Scientific classification
- Kingdom: Animalia
- Phylum: Chordata
- Class: Aves
- Clade: Strisores
- Order: Apodiformes
- Family: Trochilidae
- Genus: Cynanthus
- Species: C. forficatus
- Binomial name: Cynanthus forficatus (Ridgway, 1885)
- Synonyms: Chlorostilbon forficatus

= Cozumel emerald =

- Genus: Cynanthus
- Species: forficatus
- Authority: (Ridgway, 1885)
- Conservation status: LC
- Synonyms: Chlorostilbon forficatus

Species of hummingbird

The Cozumel emerald (Cynanthus forficatus) is a species of hummingbird in the "emeralds", tribe Trochilini of subfamily Trochilinae. It is endemic to the Mexican island of Cozumel off the Yucatán Peninsula.

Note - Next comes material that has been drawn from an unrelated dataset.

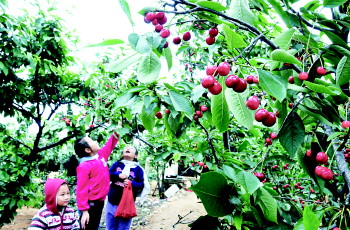 本报济宁5月11日讯(记者 胡祥东) 11日上午,雨后的樱桃园空气格外清新。红彤彤的樱桃在雨水的洗涤后,挂满雨珠,显得更有亮泽。当日,百余名市民在邹城看庄镇樱桃基地畅享采摘之乐。 满载百余名市民的两辆大巴刚开入目的地,采摘的市民看到车窗外挂满樱桃的樱桃树,难掩心中的兴奋。“你看这就是樱桃树,红彤彤的樱桃挂在树上真好看,以前还真没有见过。”不少没见过樱桃树的市民高兴地喊道。 多数来采摘的市民以家庭为单位。手拿樱桃,拍照记录幸福瞬间成为了樱桃园最常见的画面。“今天正好是母亲节,带着爸妈一块出来采摘,一方面给妈妈过节,另一方面一家人一起出来采摘也热热闹闹。”市民张女士高兴的说。记者发现,其中,人数最多的一个家庭达到10个人。 记者了解,不少来采摘的市民是奔着有机樱桃来的。正在采摘大樱桃的王先生告诉记者,“在这里采摘的樱桃就是比在外面买的甜,而且品相也好。关键是有机樱桃,不用担心农药残留,更安全。”由于是有机樱桃没有喷洒任何化学农药,不少市民直接摘下樱桃就往嘴里放。“这樱桃都不用洗,很干净。我们都是直接摘了吃。”樱桃园负责人赵祥平说。 不市民在采摘完樱桃后,又买了不少樱桃带回家。“看着这么好的樱桃就忍不住想摘,一下子就摘多了。我们这次一共摘了11斤多,准备带回去自己吃一点,再送给朋友些。”市民刘先生说,毕竟有机樱桃在市面上很少见到。 为方便市民采摘,本报将于本周六再次举办机樱桃采摘活动。将提供专门巴士,让你带着家人一起去金山岭上采摘有机大樱桃。同时,为方便没有时间前往采摘的市民吃上新鲜的大樱桃,市民也可拨打本报采摘、订购咨询电话:2350110,进行订购。

==Taxonomy and systematics==

The Cozumel emerald's taxonomic history is complicated. It was originally described as Chlorostilbon forficatus, then as a subspecies of golden-crowned emerald (now Cynanthus auriceps) which itself has been treated as a subspecies of Canivet's emerald (now Cynanthus canivetii). Other more recent authors include it and many other taxa as subspecies of the blue-tailed emerald (Chlorostilbon mellisugus).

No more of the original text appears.